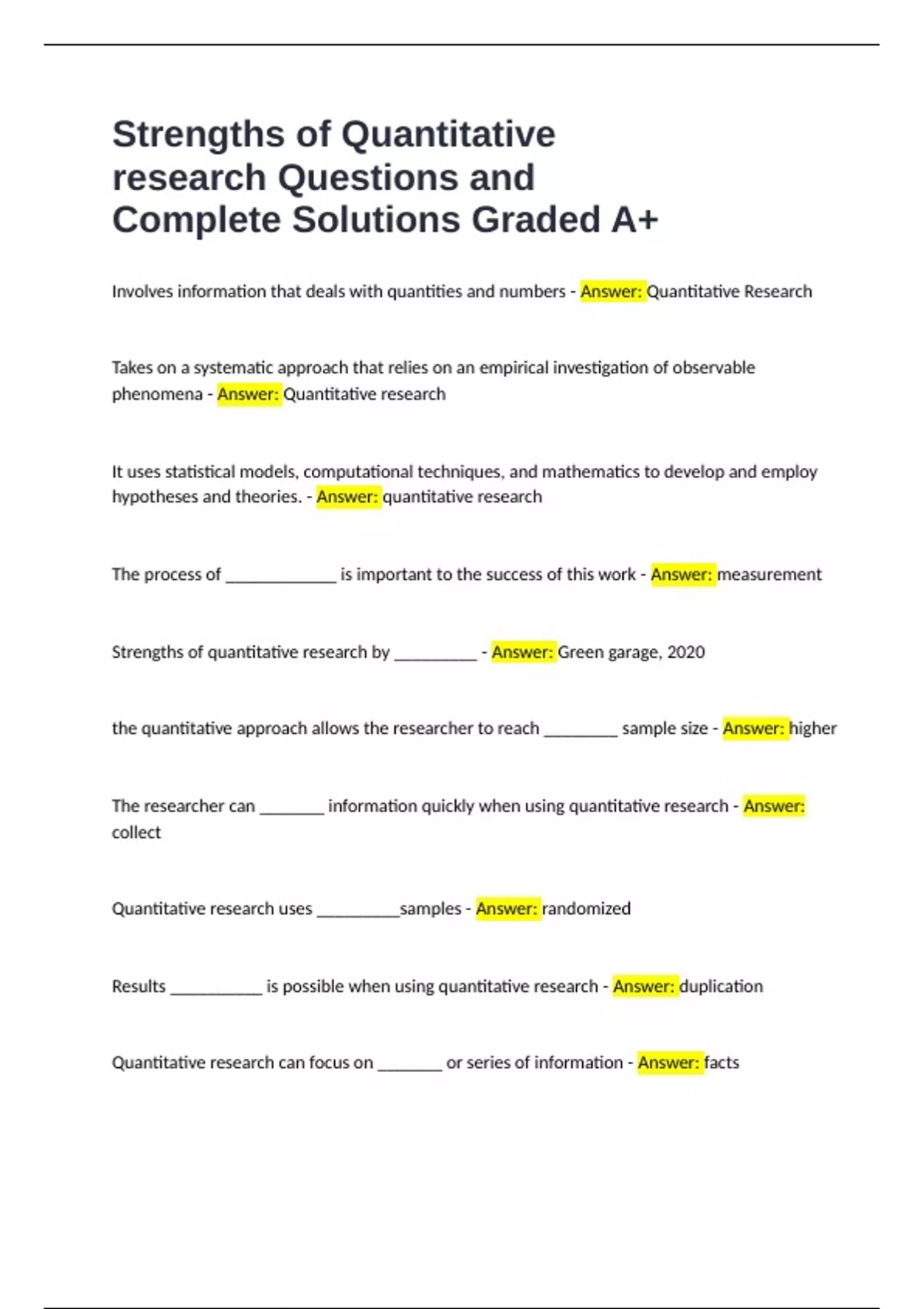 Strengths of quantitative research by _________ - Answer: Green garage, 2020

* * *

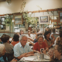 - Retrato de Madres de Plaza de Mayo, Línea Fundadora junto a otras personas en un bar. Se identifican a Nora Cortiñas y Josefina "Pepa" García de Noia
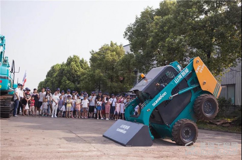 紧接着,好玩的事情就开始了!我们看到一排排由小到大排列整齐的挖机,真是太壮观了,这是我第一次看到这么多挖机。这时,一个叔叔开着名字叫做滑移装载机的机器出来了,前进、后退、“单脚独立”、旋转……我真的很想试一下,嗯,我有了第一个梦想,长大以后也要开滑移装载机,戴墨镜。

* * *

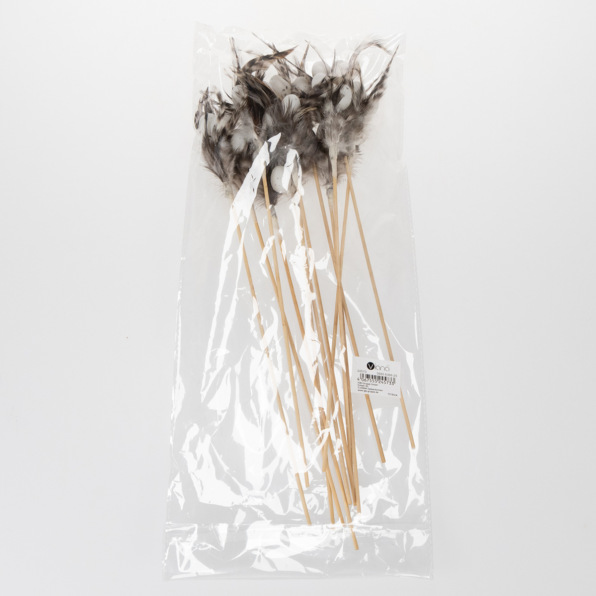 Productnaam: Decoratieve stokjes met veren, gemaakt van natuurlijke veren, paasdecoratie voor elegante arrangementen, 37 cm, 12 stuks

→ **What the task asks**:
Look above for the line containing "- Retrato de", then write out every line from there down to the line containing "紧接着,好玩的事情就开始了!", that line included, with no pictures.

→ **Task result**:
 - Retrato de Madres de Plaza de Mayo, Línea Fundadora junto a otras personas en un bar. Se identifican a Nora Cortiñas y Josefina "Pepa" García de Noia
 紧接着,好玩的事情就开始了!我们看到一排排由小到大排列整齐的挖机,真是太壮观了,这是我第一次看到这么多挖机。这时,一个叔叔开着名字叫做滑移装载机的机器出来了,前进、后退、“单脚独立”、旋转……我真的很想试一下,嗯,我有了第一个梦想,长大以后也要开滑移装载机,戴墨镜。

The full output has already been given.